Even on Pulwama, as per his own admission, he understood that Modi wanted to use the attack for electoral dividends and thus chose to be silent. In his silence, he played the role of a tacit approver. Any governor with a bit of a spine would have raised objections or resigned. If he could put his foot down to corrupt deals, as Malik claims he did, he could well have stood up to the deliberate neglect of important questions related to security.  

This is not the first time that Malik has betrayed his weakness of his unquestioned loyalty to the ruling party. In November 2018, he had unceremoniously dissolved the J&K legislative assembly, two years before the end of its tenure without any reasonable grounds. He had become the butt of many jokes when he blamed the fiasco on a non-functional fax machine at the Raj Bhawan and a missing ‘rasoyia’. In his latest interview, he reiterated the same and ended up tying himself in knots without a cogent explanation. 

He was equally evasive about the crackdown on journalists after August 2019. Summons, raids and arrests of journalists were lesser heard about till Malik was in office until October 2019. But they were not unknown.

Malik also presided over the stringent internet and mobile phone blockade which had a chilling impact on journalists, compelling them to work out of internet kiosks run by the government under complete surveillance. He chose to justify the internet shutdown and spoke about regular official press briefings (where journalists were not even allowed to ask questions) as if journalism survives only on what officials say.

Malik, who allowed the flagrant abuse of his gubernatorial powers to please his bosses, is not above the board. But his charges against the government are even more grievous. 

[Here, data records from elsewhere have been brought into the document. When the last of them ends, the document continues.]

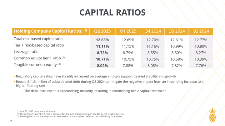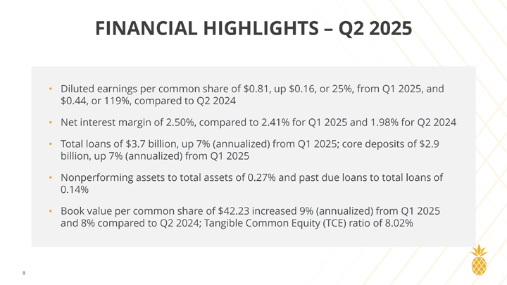 | · | 普通株式1株当たり簿価は42.23ドルで、2025年第1四半期比9%増(年率換算)、2024年第2四半期比8%増、有形普通株式(TCE)比率は8.02%。 |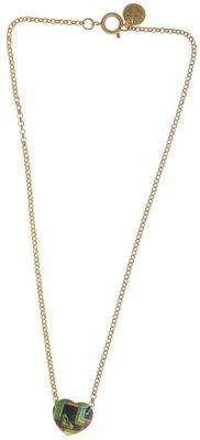 El mítico corazón rojo y con estampados geométricos de diferentes colores, ambos con cadenas doradas.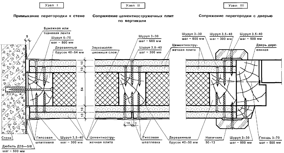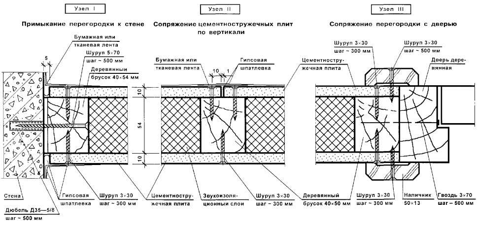 - с одной из сторон каркаса устанавливаются и крепятся шурупами цементностружечные плиты; устанавливаются и крепятся к стойкам каркаса стандартные дверные коробки;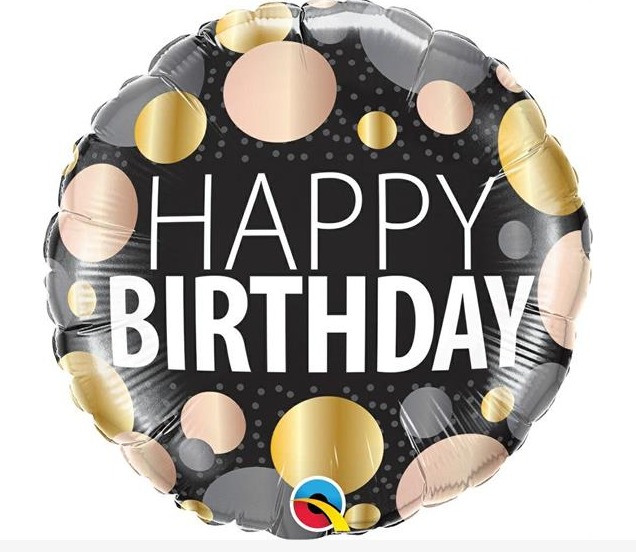PALLONCINO MYLAR TONDO 18" HAPPY BIRTHDAY NERO CON BOLLI ORO-ROSEGOLD-GRIGI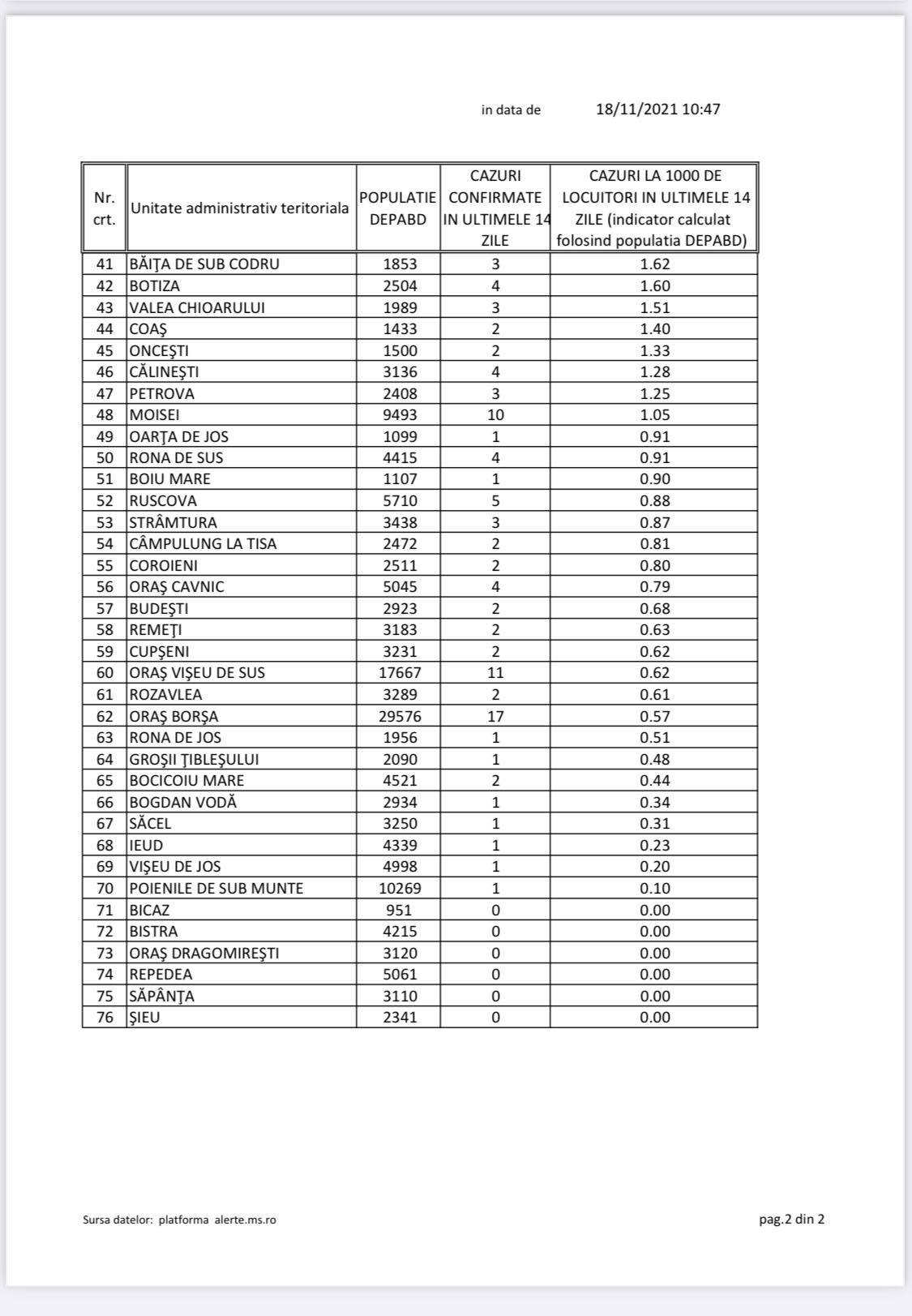 Cu toate acestea reședința de județ are o incidență ceva mai mică raportată la mia de locuitori față de alte unități administrativ-teritoriale (UAT). În Maramureș s-au confirmat cazuri în aproape toate cele 76 UAT-uri (în 70 UAT-uri mai exact, excepții sunt Bicaz, Bistra, Dragomirești, Repedea, Săpânța, Șieu), iar municipiul Baia Mare se află pe locul 9, și se află peste pragul de 3 la mie. Pe primele cinci locuri în topul incidenței se află un oraș și patru comune, respectiv Tăuții Măgherăuș, Groși, Mireșu Mare, Gârdani și Coltău. Avem în 18 noiembrie 2 UAT-uri cu incidența peste 6 dar sub 7,5 (două peste 6) și încă 15 UAT-uri cu incidența mai mare sau egală cu 3 dar sub 6 la mie.

Similar questions about corruption, security breach and constitutional legality of Article 370 revocation have been raised also by journalists, strategic experts and critics of the government. But this time they have come from a man who held a constitutional position and was close to the power circuits. 

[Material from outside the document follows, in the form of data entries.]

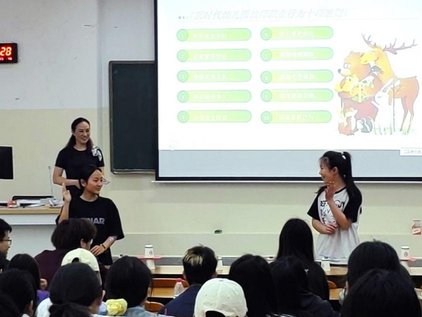 以“从心出发 以爱滋养——卓越幼师的成长密码”为主题,毕云艳为同学们讲解了“报国、育人、弘道”的教育家精神核心要义。结合一线工作经验,她结合案例系统介绍了幼儿园教师的职业素养,设置了手指游戏等互动环节,为现场添加了更多趣味性。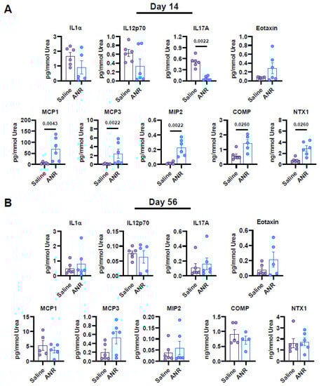 ANR treatment was found to reduce the expression of IL-17A (p < 0.01) at Day 14, compared to the saline control group (Figure 4). It was also found to increase the expression of chemokines MCP-1 (p < 0.01), MPC-3 (p < 0.01) and MIP2 (p < 0.01) as well as osteochondral breakdown markers COMP (p < 0.5), and NTX1 (p < 0.05). Data analyzed from Day 56 samples revealed no differences between saline and ANR treatment.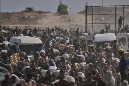 Palestinere med nødhjelpspakker nær et distribusjonssenter drevet av den USA-støttede organisasjonen Gaza…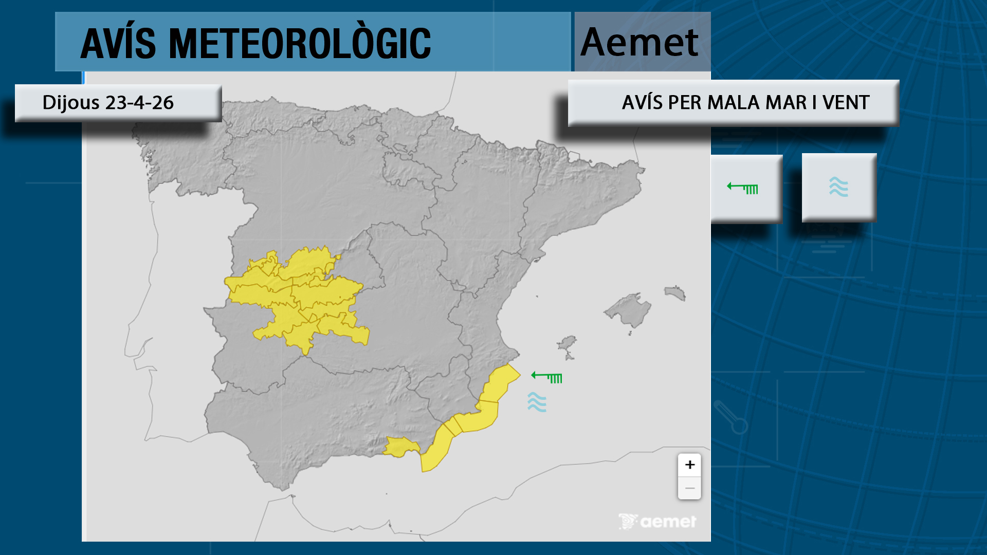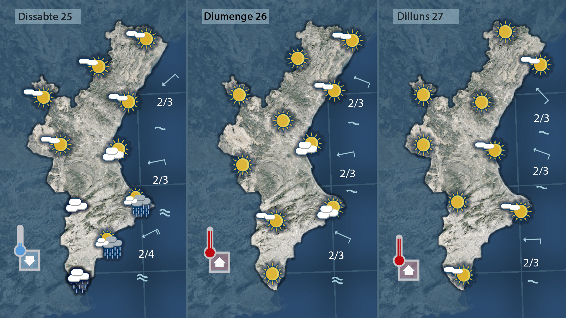 A més, augmenta la nuvolositat i la mar es presenta alterada al sud, amb avisos meteorològics per mala mar.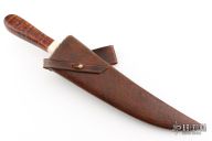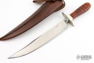 This Bowie by WR Hurt features a mirror satin polished upswept blade with false top edge and visible temper liner (although it probably won't show up in the pictures), .247" blade stock and 1.399" blade depth, hidden tang construction with integral fileworked guard. The handle has a fileworked nickel silver guard, intricate inlaid silver wire in the curly maple handle with mammoth ivory and nickel silver spacers. Comes with a nylon zippered case. Comes with a brown leather covered wooden sheath with drop loop. Has a crack in the mammoth ivory spacer, otherwise excellent condition.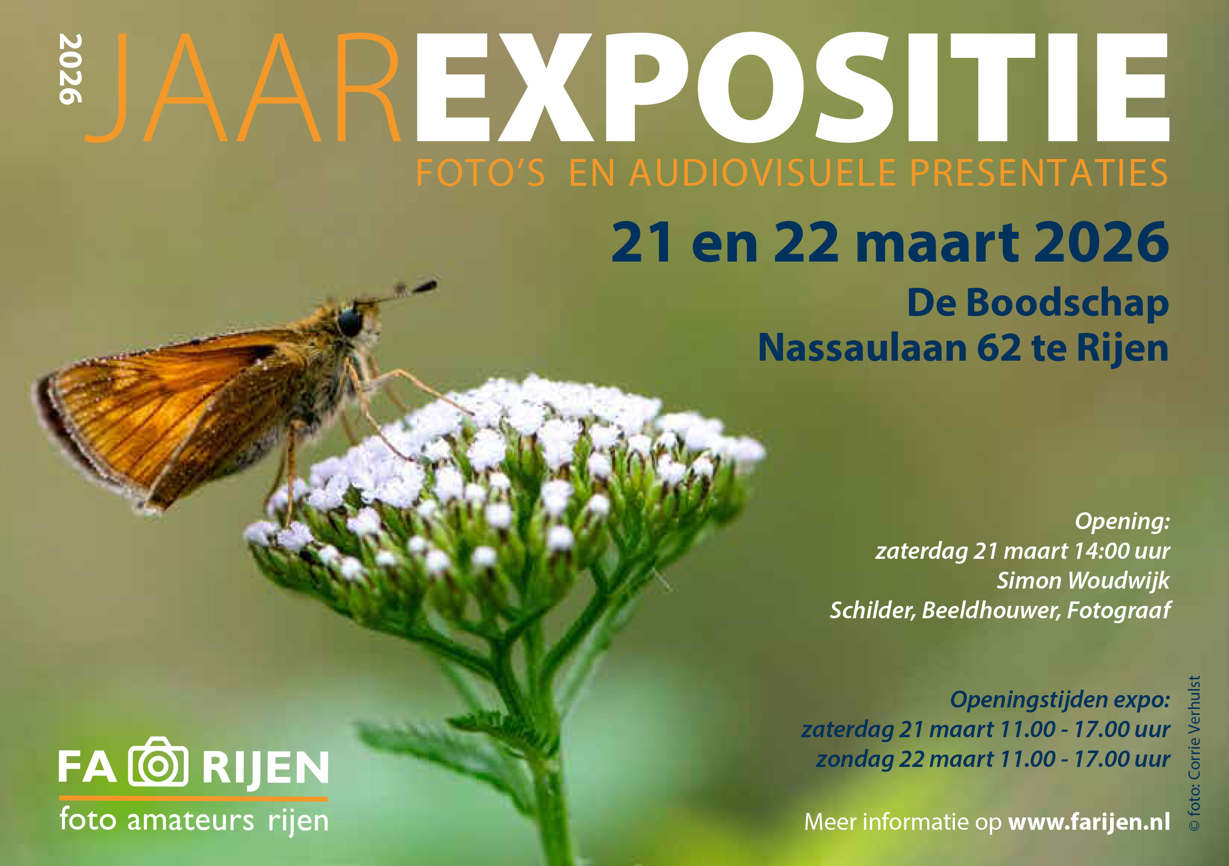 De jaarlijkse expositie van FA Rijen zal vanaf dit jaar niet meer in juni plaats vinden maar in maart. In het weekend van 21 en 22 maart 2026 tonen de leden hun recente fotowerk en audiovisuele producties.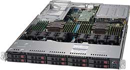 Optimised for Cloud Computing, Web Server and Compact Network Appliance. 10x Hot-swap 2.5" SAS/SATA HDD bays, 2x 10GBase-T LAN ports via Intel X722, High Efficiency Redundant Power Option.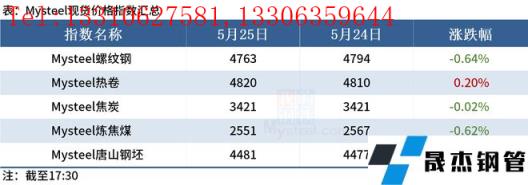 ◎據不完全統計,截至5月25日,國內14家無縫厚壁鋼管廠家發布檢修計劃。其中,徐鋼鋼鐵集團計劃25日對2120m3高爐進行為期7-8天停產檢修計劃,日均影響產量0.8萬噸。詳情>>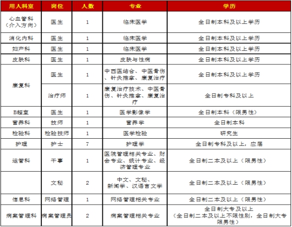 因工作需要,岳池縣人民醫(yī)院面向社會(huì)擬招聘以下人員: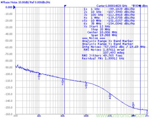 圖3:LMX2592在6GHz輸出頻率的抖動性能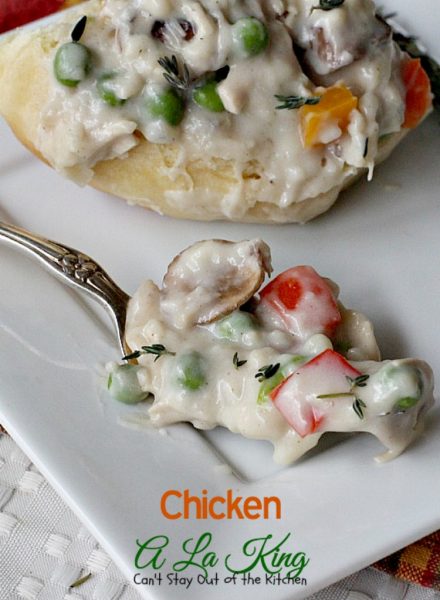 This amazing old-fashioned entree is wonderful served over [url href=”http://cantstayoutofthekitchen.com/2012/09/15/homemade-rolls-or-bread/” target=”_blank”]homemade rolls[/url], [url href=”http://cantstayoutofthekitchen.com/2015/11/04/flaky-buttermilk-biscuits/” target=”_blank”]biscuits[/url], toast or noodles. Chicken A La King is quick, easy and delicious!

These allegations, true or otherwise, can’t and must not be ignored. Only a thorough, credible and independent probe can now bring out the truth and put the matter to rest. The public of India has a right to know the truth about how the government deals with serious matters of federal authority, national security and corruption. 

The writer is the executive editor of Kashmir Times and author of ‘A Dismantled State: The Untold Story of Kashmir After Article 370’.